• Material for this task:
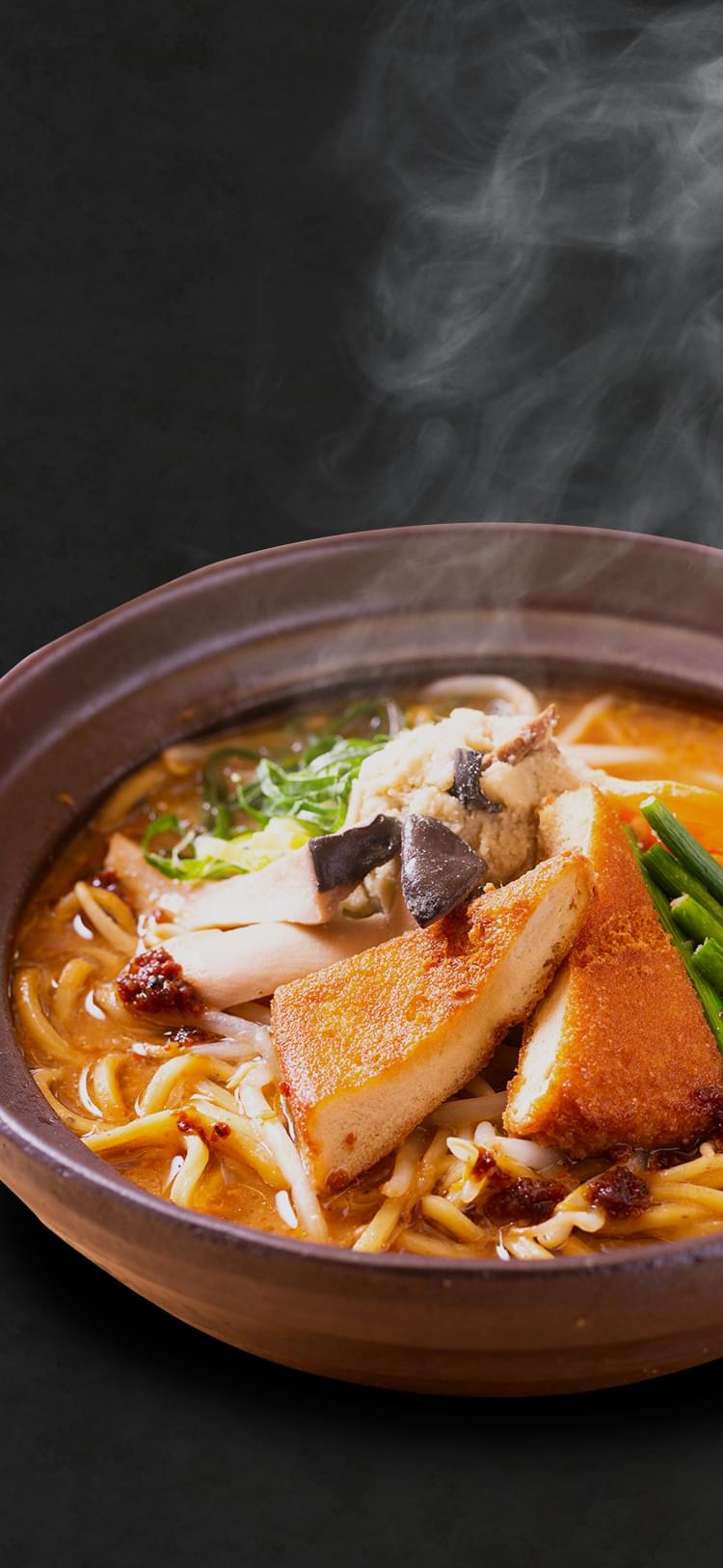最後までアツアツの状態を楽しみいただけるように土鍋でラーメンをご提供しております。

--

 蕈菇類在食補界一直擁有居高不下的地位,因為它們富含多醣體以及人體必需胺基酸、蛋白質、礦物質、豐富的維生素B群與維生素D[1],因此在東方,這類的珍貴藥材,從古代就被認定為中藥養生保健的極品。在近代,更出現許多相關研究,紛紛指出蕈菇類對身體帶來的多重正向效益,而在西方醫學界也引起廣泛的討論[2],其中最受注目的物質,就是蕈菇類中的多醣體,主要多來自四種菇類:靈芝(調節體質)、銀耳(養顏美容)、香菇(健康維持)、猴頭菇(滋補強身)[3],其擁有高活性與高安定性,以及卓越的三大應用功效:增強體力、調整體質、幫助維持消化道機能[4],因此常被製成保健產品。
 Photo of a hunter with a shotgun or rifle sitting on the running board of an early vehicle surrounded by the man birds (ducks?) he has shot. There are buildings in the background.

...

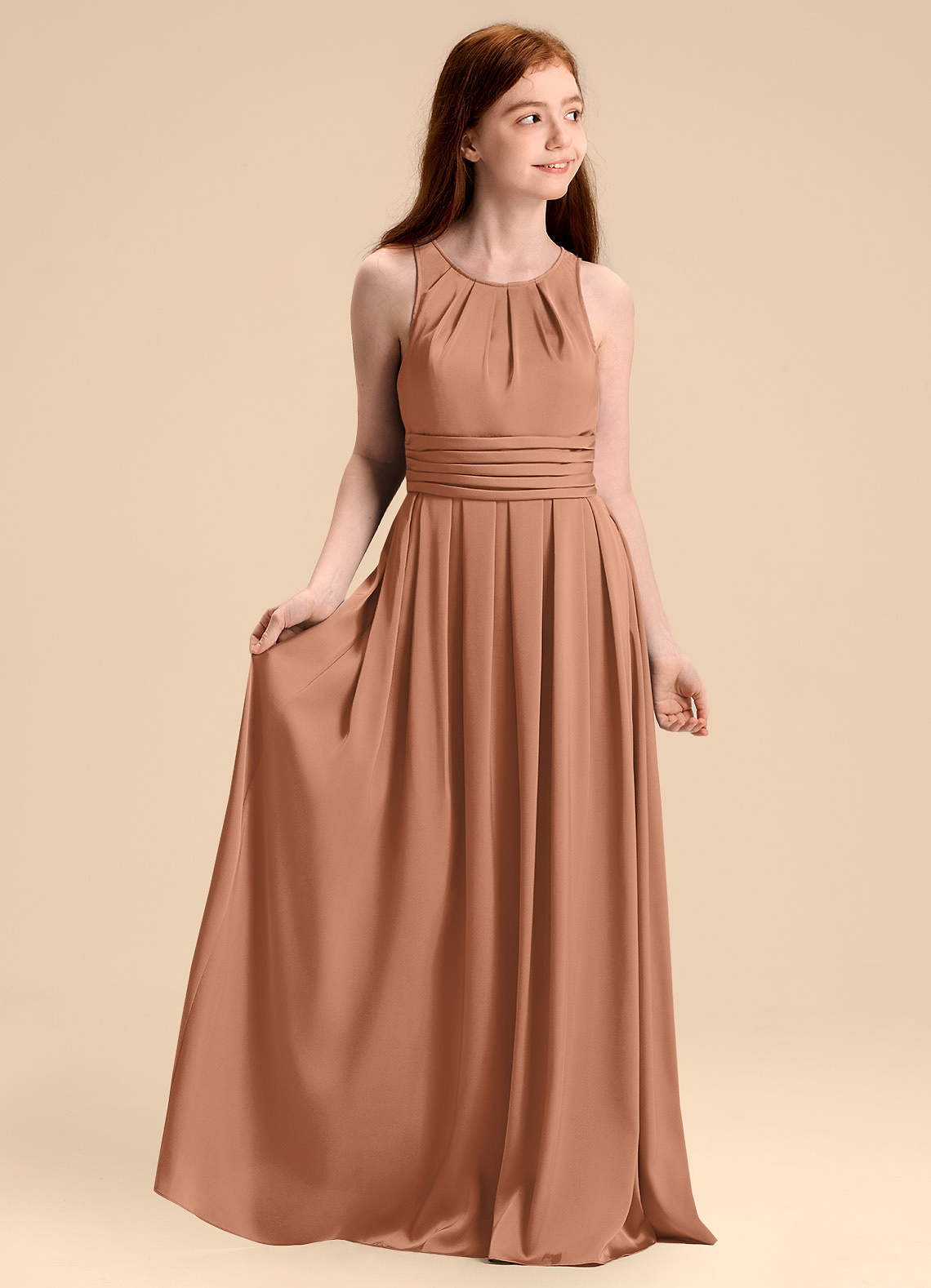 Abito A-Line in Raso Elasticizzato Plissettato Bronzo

• Task:
What is needed is a verbatim copy of every line in the records above from the one containing "蕈菇類在食補界一直擁有居高不" down to the one containing "Photo of a hunter", both included, and nothing more.

• Response:
 蕈菇類在食補界一直擁有居高不下的地位,因為它們富含多醣體以及人體必需胺基酸、蛋白質、礦物質、豐富的維生素B群與維生素D[1],因此在東方,這類的珍貴藥材,從古代就被認定為中藥養生保健的極品。在近代,更出現許多相關研究,紛紛指出蕈菇類對身體帶來的多重正向效益,而在西方醫學界也引起廣泛的討論[2],其中最受注目的物質,就是蕈菇類中的多醣體,主要多來自四種菇類:靈芝(調節體質)、銀耳(養顏美容)、香菇(健康維持)、猴頭菇(滋補強身)[3],其擁有高活性與高安定性,以及卓越的三大應用功效:增強體力、調整體質、幫助維持消化道機能[4],因此常被製成保健產品。
 Photo of a hunter with a shotgun or rifle sitting on the running board of an early vehicle surrounded by the man birds (ducks?) he has shot. There are buildings in the background.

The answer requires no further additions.